Summary: On her first real day off since starting with S.H.I.E.L.D., Megan McIntyre, a young agent, gets a new perspective on the organization and on two 'above her paygrade' colleagues.
In theory, S.H.I.E.L.D. is expected to comply with labor laws governing things like time off and reasonable compensation for hours served. In practice, well, once your superiors start using phrases like "in the best interest of planetary security," you can assume that for the foreseeable future, you're going to be technically on duty for every one of your waking hours and, quite likely, more than a few of your sleeping hours as well.

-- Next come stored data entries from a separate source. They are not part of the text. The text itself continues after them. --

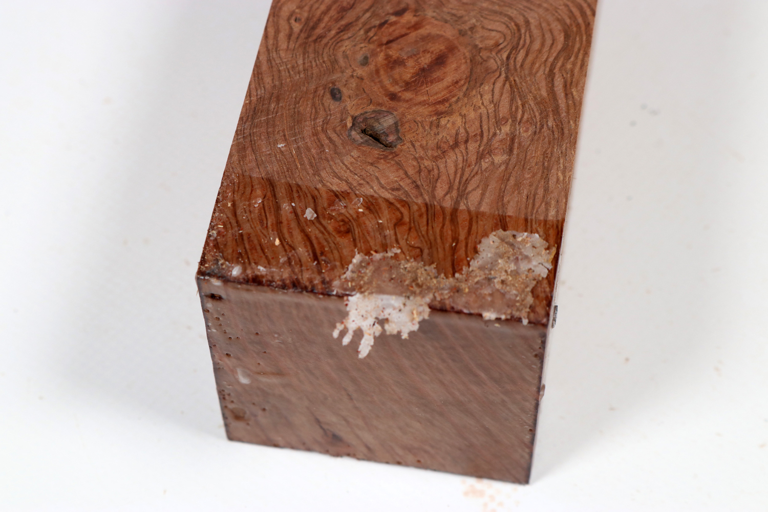 Finely grained wood may contain imperfections such as open knots, bark inclusions, or cracks that are typical of the species. These flaws come from the way the tree has grown and are completely natural. They can usually be filled with low-viscosity cyanoacrylate (super glue) and wood dust.
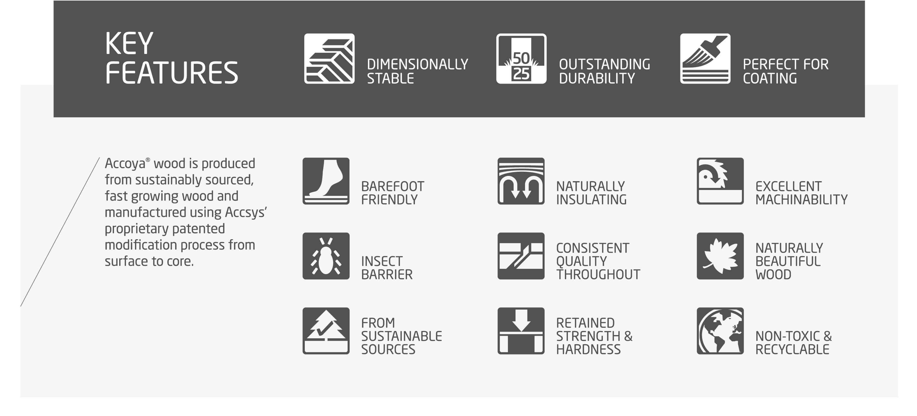 Accoya® wood is the result of decades of research and development that has brought together a long-established, extensively proven wood modification technique and leading-edge patented technology – acetylation to create a high performance wood, ideal for outdoor use and challenging applications.
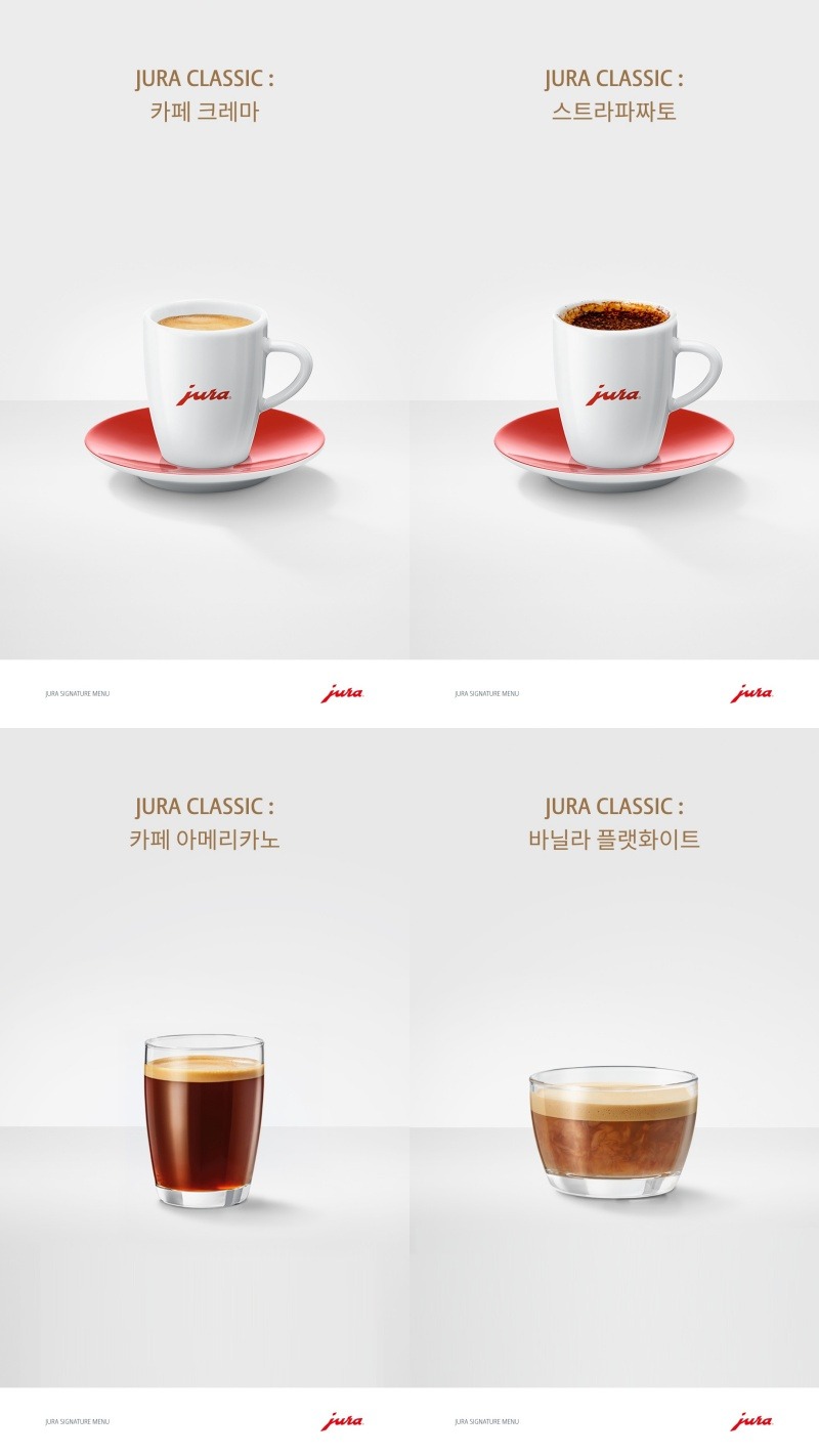 ✔️ 유라 익스클루시브(JURA Exclusive): 유라 커피머신별 기능을 활용해 특장점을 가장 잘 보여주는 시그니처 메뉴
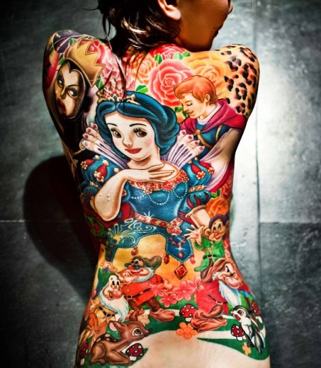 Annafaye, winner of this year’s Best Tattoo Award at Singapore’s annual convention. Her back depicts the whole set of characters from Disney’s Snow White. She says that it took three months to complete and the inspiration for the motive came to her in a dream.
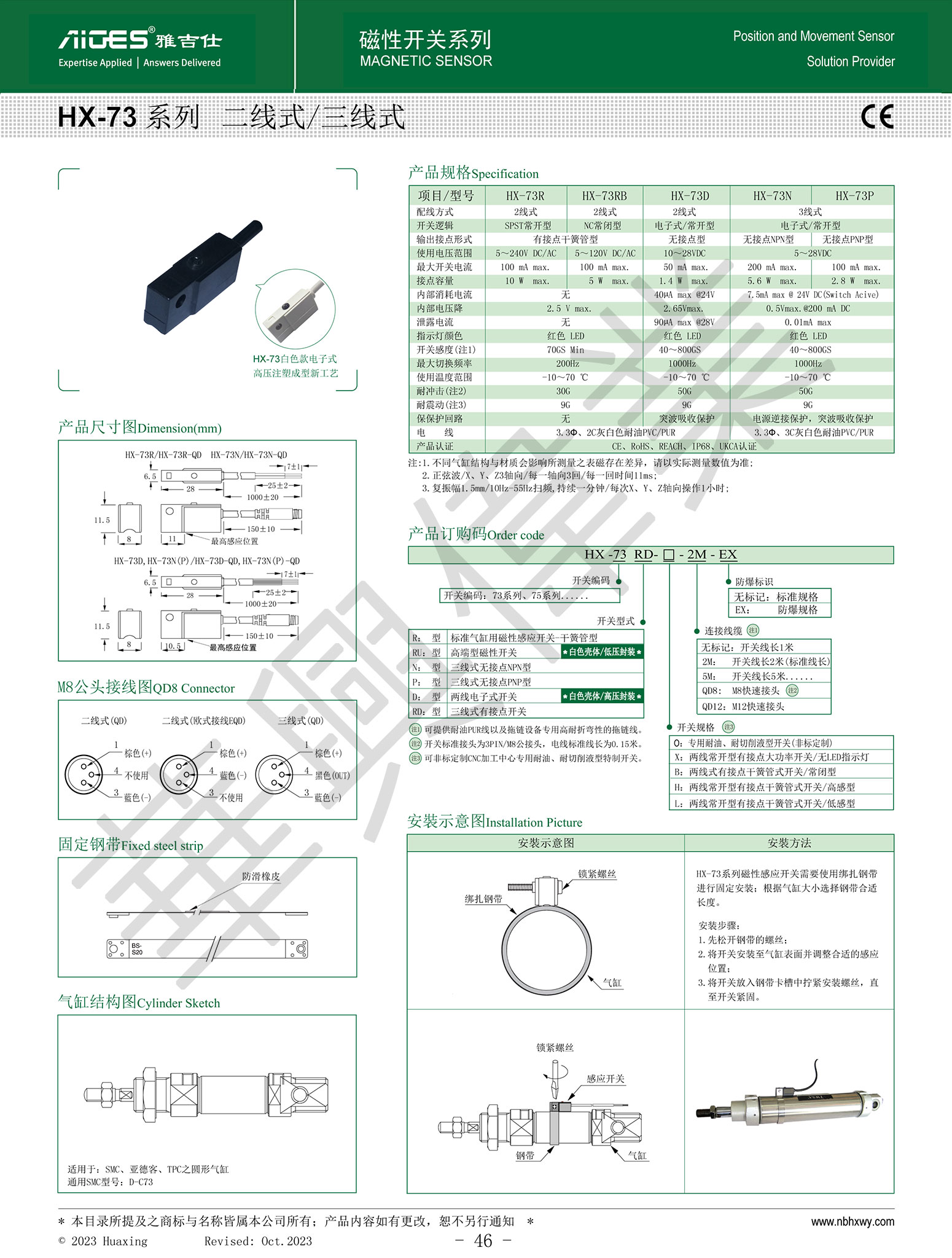 产品类型:HX-73D 两线电子式,HX-73PNP三线电晶体式、HX-73NPN三线电晶体式
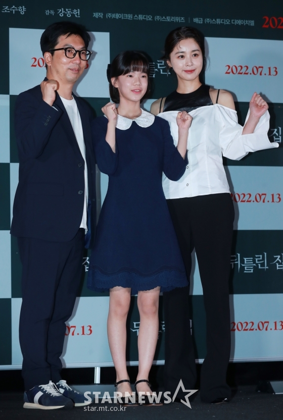 연예영화'뒤틀린 집, 화이팅'[★포토]발행 : 2022.07.05 ・ 16:26이동훈 기자강동헌 감독, 배우 김보민, 서영희가 5일 오후 서울 CGV용산아이파크몰에서 진행된 영화 '뒤틀린 집'(감독 강동헌) 언론시사회에 참석해 포즈를 취하고 있다.원치 않게 외딴집으로 이사 온 가족이 열지 말아야 할 금단의 문을 열게 되면서 맞이한 섬뜩한 비극을 다룬 미스터리 하우스 호러 ‘뒤틀린 집’은 오는 13일 개봉한다. /2022.07.05<저작권자 © 스타뉴스, 무단전재 및 재배포 금지>뒤틀린집추천 기사이동훈 기자기자홈좋아요 연예-영화의 인기 급상승 뉴스연예-영화의 최신 뉴스

It wasn't like the realities of working for S.H.I.E.L.D. had come as a surprise to me. I'd done my research on the agency (to the extent that you can research any super-secret organization), and I was fully prepared to say 'yes' when one of their recruiters approached me during my final university fencing match and offered me a place at the Academy upon successful completion of my degree. I was finishing a double major in Linguistics and Criminal Psychology at the time, and even in my Freshman year, there had been whispered rumors on our campus about both departments being fertile scouting grounds for young people who'd nurtured childhood dreams of someday being secret agents. By the time I had the probationary contract in my hand, I understood completely what I'd be signing on for.
Or at least I understood what the job itself would entail.

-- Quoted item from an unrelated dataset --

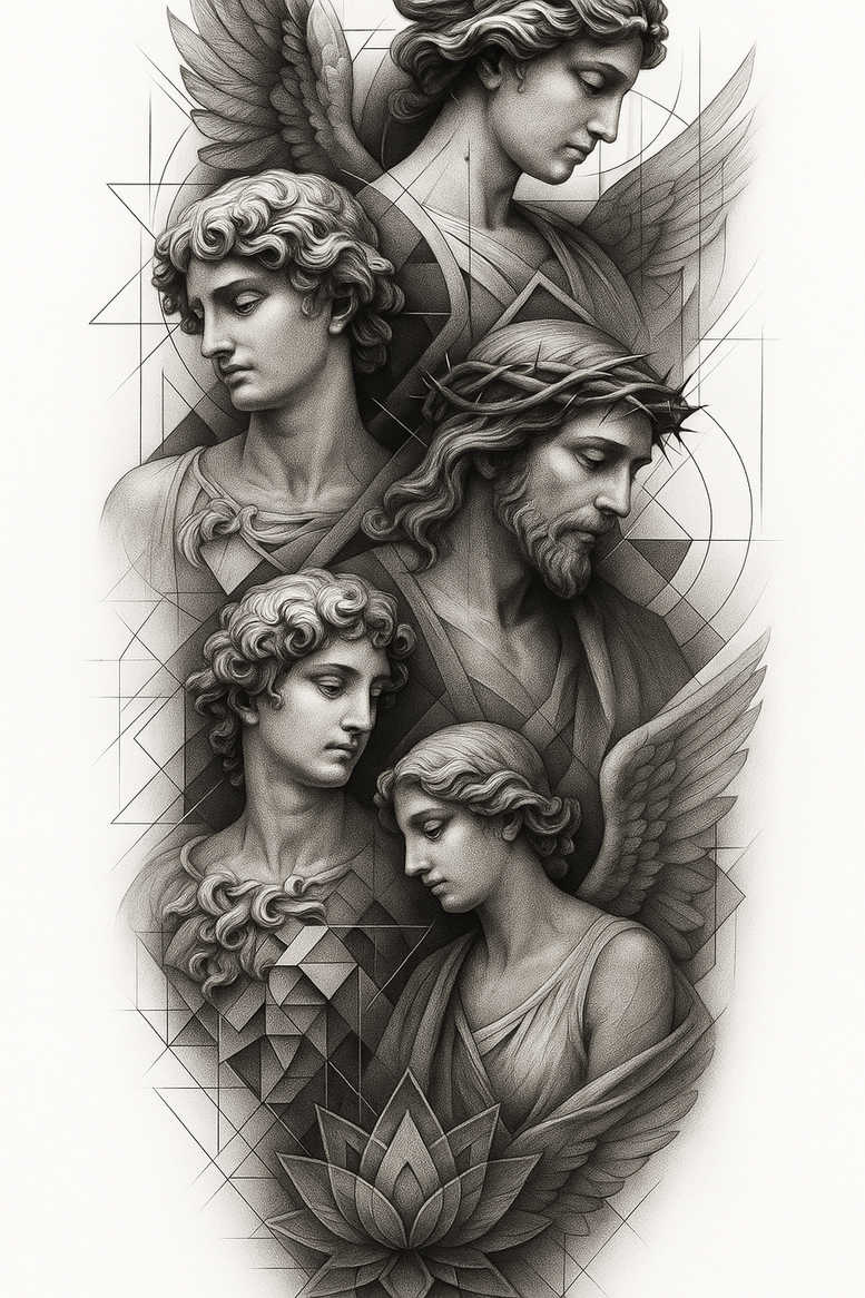 An elegant fusion of classical relief sculpture and geometric abstraction, this tattoo design presents a dynamic composition of celestial guardians surrounding a lotus bloom. The central cluster of angels is rendered in a black and grey palette with meticulous shading that creates the sense of depth and three-dimensional form. Each figure expresses quiet reverence, their hair and robes flowing into crystalline lines that interlock with a lattice of triangles, circles, and straight edges. The geometric pattern acts as a structural frame, guiding the eye from the upper wings to the lotus at the base while never overpowering the figurative elements. The lotus serves as a living anchor, its petals opening outward to symbolize growth, rebirth, and inner balance—themes often chosen for meaningful tattoos. The wings are feathered with delicate cross-hatching and subtle gradations that produce a soft yet legible contrast against the geometric background, allowing the figures to stand apart while still living within a cohesive whole. The shading ranges from cool mid-tones to near-black shadows, producing a sophisticated monochrome look that is ideal for a realist approach to black and grey ink. The technique blends fine-line precision with broader tonal blocks, achieving a balance between linework and volume that is both timeless and contemporary. From a distance, the composition reads as a single, unified motif; up close, viewers notice the interwoven pattern and the careful treatment of light on skin, hair, and fabric. This tattoo concept is crafted for versatility, suitable for large back or chest canvases and also adaptable as a smaller piece that preserves the same symbolic language. It can function as a cover-up solution if needed, thanks to its dense layering and strong negative space. The design nods to many traditions—echoing Japanese style tattoo in its rhythm and emphasis on natural forms, while maintaining a modern, graphic edge through geometric patterning. If chosen, this piece offers a luxurious, meaningful tattoo design that can stand the test of time and remain legible as a fine line, black and grey body art, with the lotus and angelic figures enduring as personal symbols. This is an AI-generated tattoo project, showcasing how algorithm-inspired design can translate into an intricate, painterly tattoo concept with lasting impact.

Because, see...the lack of any non-work related social structure at S.H.I.E.L.D. (no in-house fantasy baseball leagues or Friday potluck lunches, at least not that I'd noticed so far), the long workdays when civilization was under threat from power-mad aliens or super-villains (i.e., days ending with the letter 'y'), and a personal skill set that didn't include any particular talent for scoping out the best sources of valuable office gossip pretty much guaranteed it was going to be some time before I had a chance of being more than casual workplace acquaintances with any of my new colleagues.

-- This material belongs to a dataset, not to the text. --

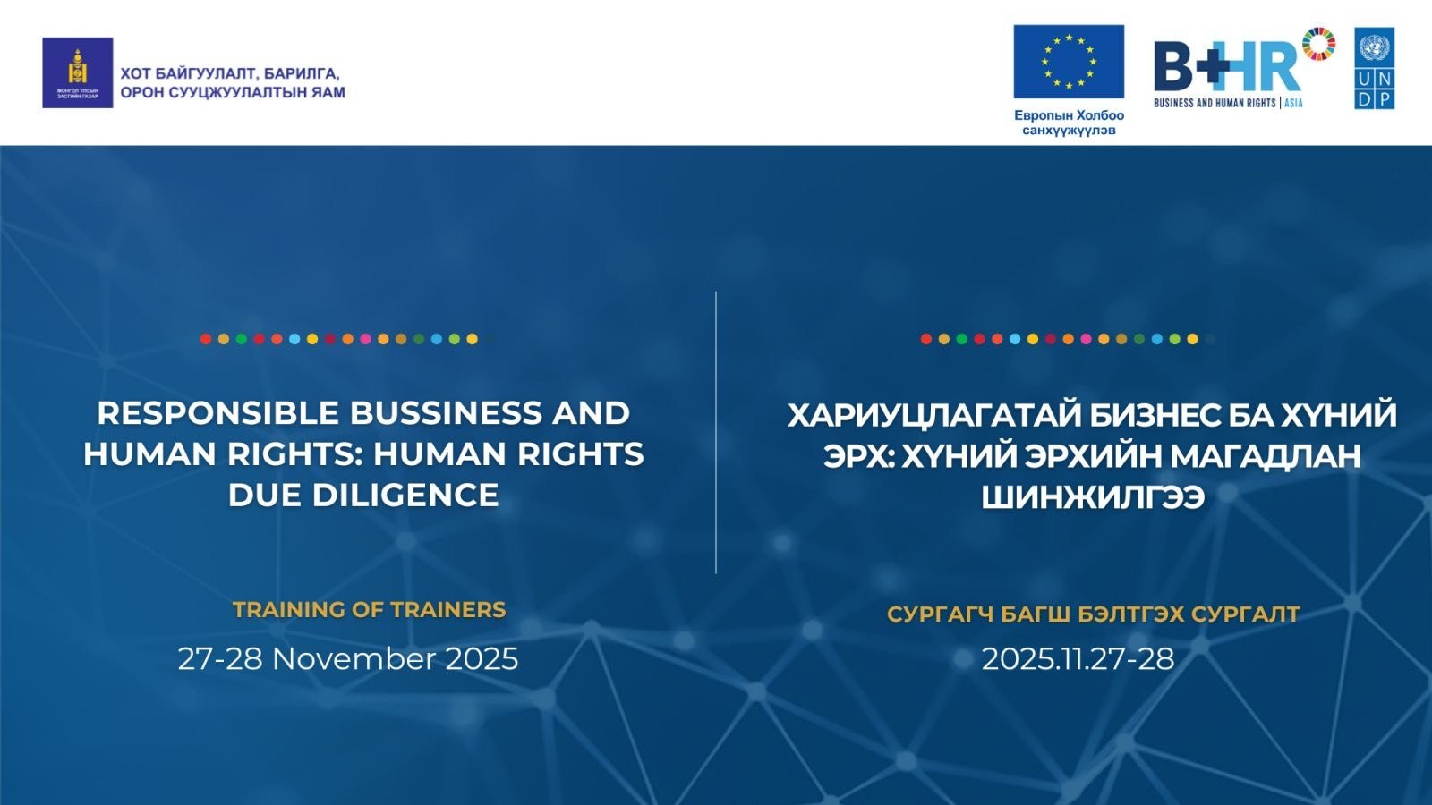 Европын Холбооны санхүүжилттэй "Өөрчлөлтийн элч төлөөлөгчид: Хариуцлагатай бизнесийн төлөөх залуус ба хэвлэл мэдээлэл" төслөөс Хот байгуулалт, барилга, орон сууцжуулалтын яамтай хамтран 2025 оны 11 дүгээр сарын 27-28-ны өдрүүдэд “Хариуцлагатай бизнес ба хүний эрх: Хүний эрхийн магадлан шинжилгээ” сэдвээр барилгын салбарын төрийн бус байгууллага, холбоодын 21 төлөөлөлд зориулсан сургагч багшийн сургалтыг зохион байгууллаа. Энэхүү сургалт нь барилгын салбарт тусгайлан зориулж сургалтын хөтөлбөр, кейсүүдийг салбарын онцлогт нийцүүлэн боловсруулсан анхны сургалт болсноороо онцлогтой.

Not that there would even be time to try and make friends for quite a while, as it turned out.
I completed my preliminary S.H.I.E.L.D. training in April of 2012.
Two weeks later, I was assigned (inexplicably, I thought at the time) to the recently commissioned Helicarrier. At the risk of sounding big-headed, I had actually done phenomenally well at the academy - better in most areas than the majority of my class - but as far as I or any of my classmates knew, the Helicarrier was most likely to be used in the event of a war, and unless that war involved criminally insane aliens or something equally ridiculous, it was unlikely that my academic background was going to be of any particular use.
I'd barely unpacked when a criminally insane alien (feel free to call him a god if it makes you feel better) appeared on the scene and that put an end to even the pretense that any of us would be getting any rest any time soon. The Chitauri attack was over in just a few days, but the repercussions (which included a few minor skirmishes with two or three opportunistic non-alien super-villains) took months to settle.
It was the end of September before I was given my first full day off with no responsibilities whatsoever. Miraculously, it was one of those perfect autumn days, when the leaves are just starting to turn, and the sun shines brightly in a sky that's a brilliant shade of blue.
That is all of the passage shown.